Activity
Copy each line below exactly as it appears. Pictures are to be omitted.
····················
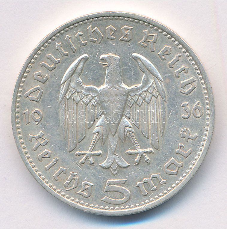 Német Harmadik Birodalom 1936A 5M Ag ‘Hindenburg’ T:2- German Third Reich 1936A 5 Mark Ag ‘Hindenburg’ C:VF Krause KM# 86<a href="https://www.darabanth.com/hu/gyorsarveres/432/kategoriak~Numizmatika/Kulfoldi-fem-es-ezustpenzek~1500015/Nemet-Harmadik
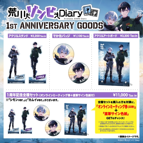 1周年記念グッズは、SHIBUYA TSUTAYA 6階IP書店、荒川ゾンビDiary公式BOOTHにて、2024年10月4日(金)10:00〜2024年11月7日(木)21:00の期間で発売となりますので、この機会にぜひお買い求めください!
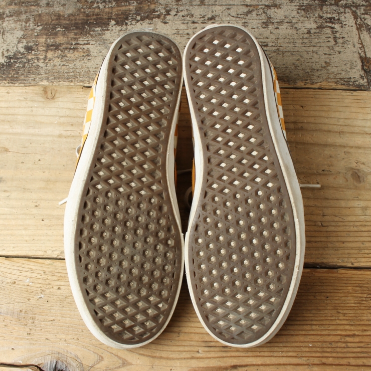 USA VANS AUTHENTIC バンズ オーセンティック スニーカー チェッカーフラッグ 27.5cm イエロー シューズ アメリカ古着
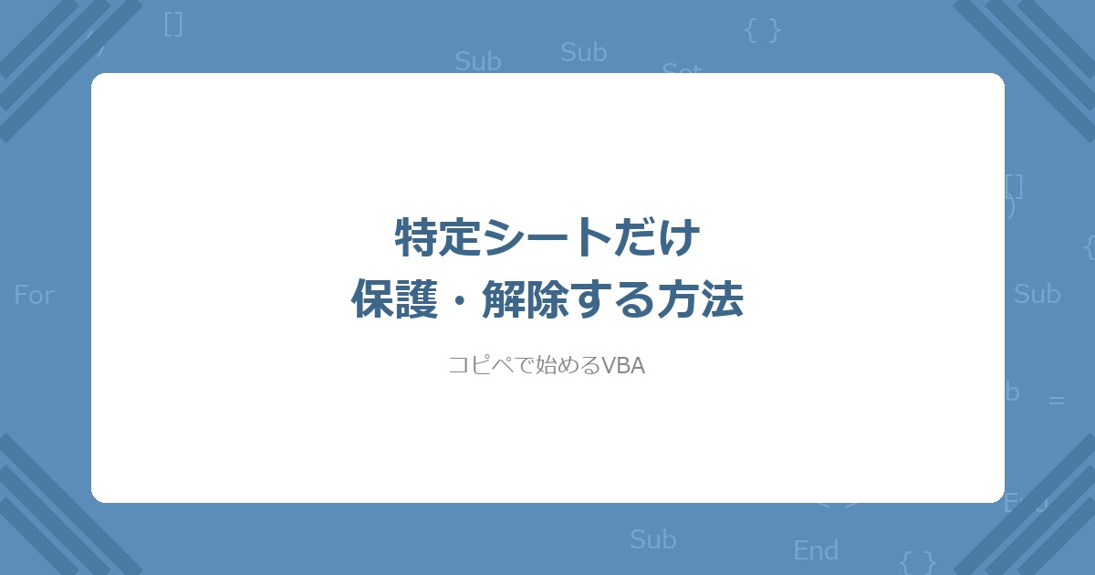 全シートをループして一括処理する基本は 複数シートに同じ処理を一括実行する方法 を参照。本記事ではその応用として「保護」に特化する。
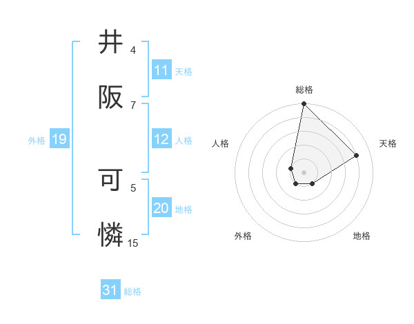 井阪 可憐さんの総格は31画の5点!
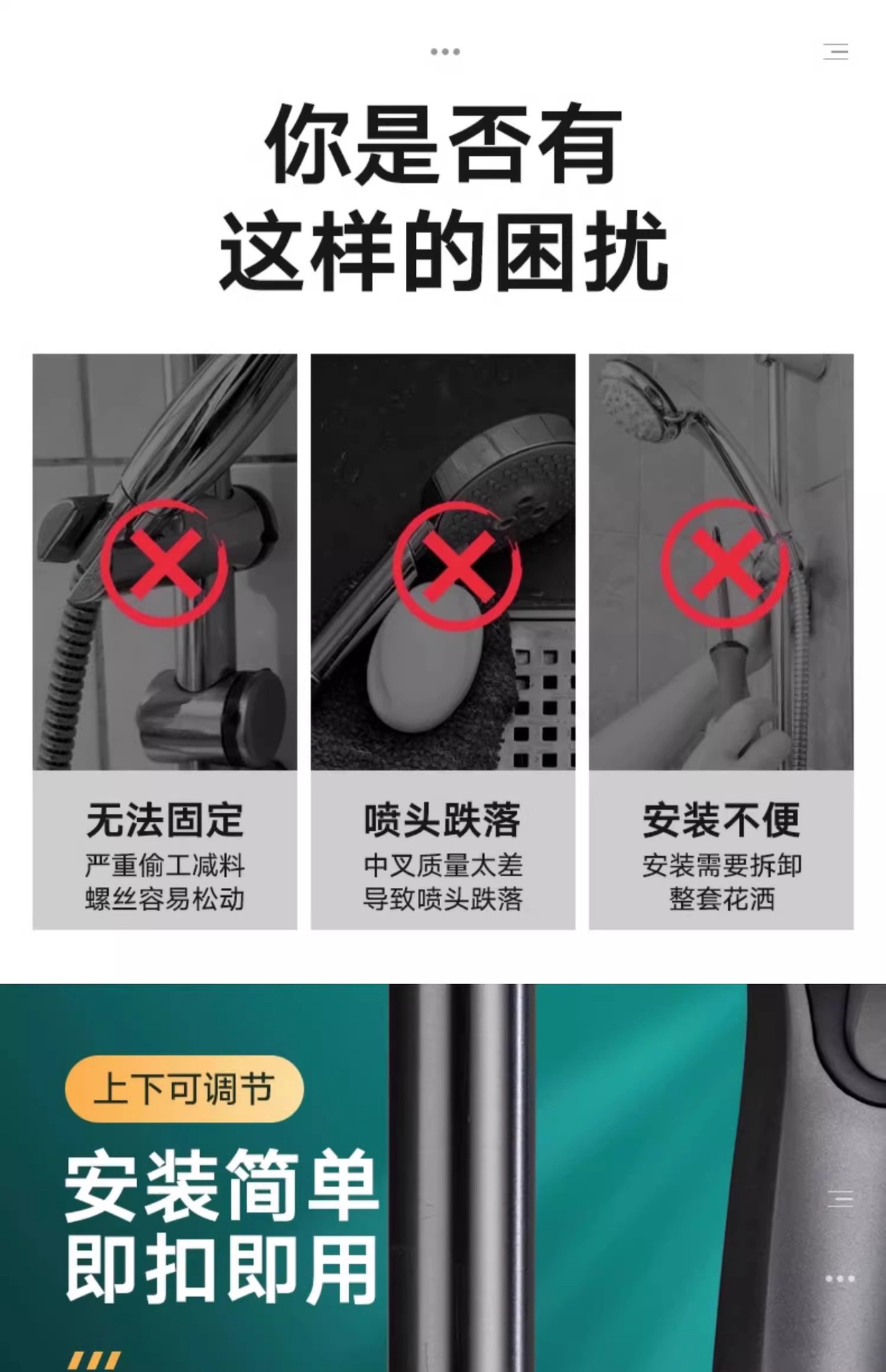 花洒支架升降杆滑套免打孔淋浴杆喷头固定座莲蓬头座可调节手持
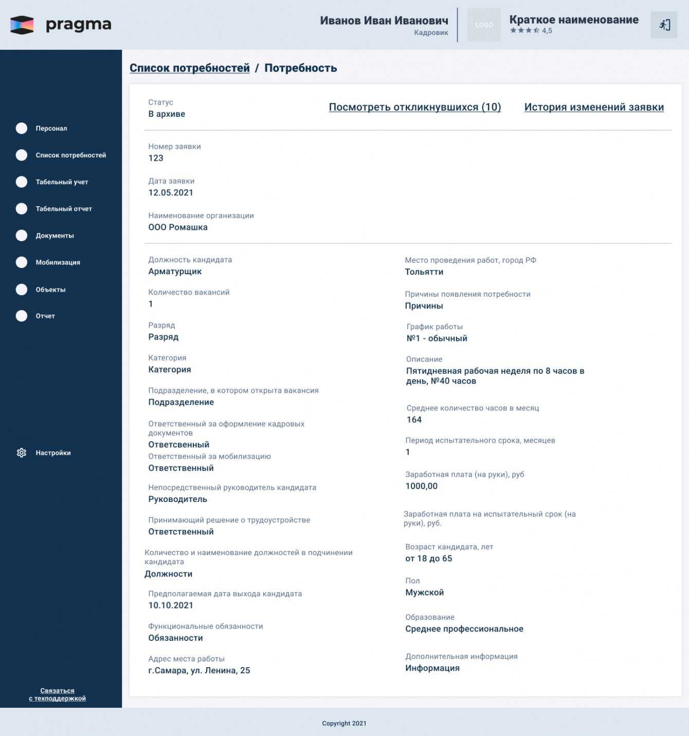 The foreman forms applications on the platform, conducts interviews with candidates, can maintain personnel records in the mobile application, which is also available to specialists responsible for dispatching.
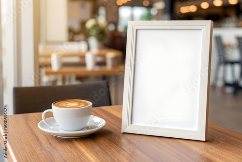 Empty vertical frame mockup on wooden table beside latte art coffee, blurred cafe background, white, display
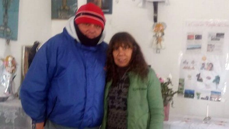 Un integrante de Hinchas Solidarios llevó ropa de abrigo para la parroquia Santa Rosa de San Pedro de Guasayán junto a su mujer.
····················
Task answer
 Német Harmadik Birodalom 1936A 5M Ag ‘Hindenburg’ T:2- German Third Reich 1936A 5 Mark Ag ‘Hindenburg’ C:VF Krause KM# 86<a href="https://www.darabanth.com/hu/gyorsarveres/432/kategoriak~Numizmatika/Kulfoldi-fem-es-ezustpenzek~1500015/Nemet-Harmadik
 1周年記念グッズは、SHIBUYA TSUTAYA 6階IP書店、荒川ゾンビDiary公式BOOTHにて、2024年10月4日(金)10:00〜2024年11月7日(木)21:00の期間で発売となりますので、この機会にぜひお買い求めください!
 USA VANS AUTHENTIC バンズ オーセンティック スニーカー チェッカーフラッグ 27.5cm イエロー シューズ アメリカ古着
 全シートをループして一括処理する基本は 複数シートに同じ処理を一括実行する方法 を参照。本記事ではその応用として「保護」に特化する。
 井阪 可憐さんの総格は31画の5点!
 花洒支架升降杆滑套免打孔淋浴杆喷头固定座莲蓬头座可调节手持
 The foreman forms applications on the platform, conducts interviews with candidates, can maintain personnel records in the mobile application, which is also available to specialists responsible for dispatching.
 Empty vertical frame mockup on wooden table beside latte art coffee, blurred cafe background, white, display
 Un integrante de Hinchas Solidarios llevó ropa de abrigo para la parroquia Santa Rosa de San Pedro de Guasayán junto a su mujer.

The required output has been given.